Make the visualizations fine-grained enough that one stream updating first only introduces a small performance penalty. This is impossible for some visualizations, like a visualization that computes a mesh based on points and a mesh size. If the points or the mesh size changes, then the whole mesh needs to be recomputed.
Is there some facility in Rx to handle "simultaneously" updating multiple streams? I feel like what I'm asking for is magic.
For anyone who has made GUI programs using Rx: is there some better architecture I should be using for models besides sending new values through streams?
If this question is unclear, please tell me in a comment and I will try to make a more concrete example.
Example
Here is a sample Python RxPY program:
import rx
stream1 = rx.subjects.BehaviorSubject(1)
stream2 = rx.subjects.BehaviorSubject(2)
rx.Observable\
.combine_latest(stream1, stream2, lambda x, y: (x, y))\
.subscribe(print)
stream1.on_next(3)
stream2.on_next(4)
This prints:
(1, 2)
(3, 2)
(3, 4)
How could I update the values of stream1 and stream2 simultaneously so that the following becomes the result?
(1, 2)
(3, 4)
In other words, how could I modify combine_latest in such a way that I can tell it downstream "hey, wait a second while I update the other streams before you emit your next value"?
I have found one possible answer, but it is not the best and I would like others.
I discovered the pausable combinator. By passing in a stream that emits True or False, you can control if a sequence will be paused.
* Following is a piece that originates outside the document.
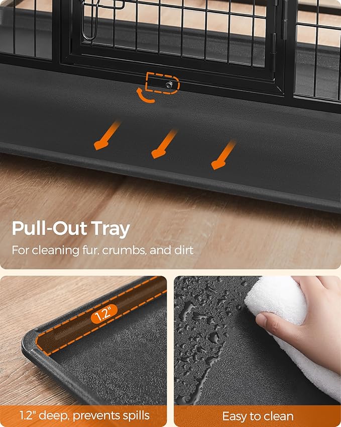 - [Easy to Clean] This dog cage comes with a pull-out tray so you can take it out for cleaning?”easily keeping your fur friend?™s place clean (it?™ll thank you for that!)

Here is a modification of my example:
import rx
stream1 = rx.subjects.BehaviorSubject(1)
stream2 = rx.subjects.BehaviorSubject(2)
pauser = rx.subjects.BehaviorSubject(True)
rx.Observable\
.combine_latest(stream1, stream2, lambda x, y: (x, y))\
.pausable(pauser)\
.subscribe(print)
# Begin updating simultaneously
pauser.on_next(False)
stream1.on_next(3)
stream2.on_next(4)
# Update done, resume combined stream
pauser.on_next(True)
# Prints:
# (1, 2)
# (3, 4)
To apply to my GUI, I can create a BehaviorSubject called updating in my model that emits whether or not the whole model is being updated. For example, if stream1 and stream2 are being simultaneously updated, then I can set updating to True. On any visualizations that are expensive to produce, I can apply the value of updating to pause the combined stream.
This works in Rx for c#:
var throttled = source.Publish(hot => hot.Buffer(() => hot.Throttle(dueTime));
The dueTime value here is a TimeSpan in .NET. It merely says what the window of time is that you want to have inactivity before a value it produced. This basically gobbles up values produced "simultaneously" within a margin of time.
The source in this case would be your .combine_latest(...) observable.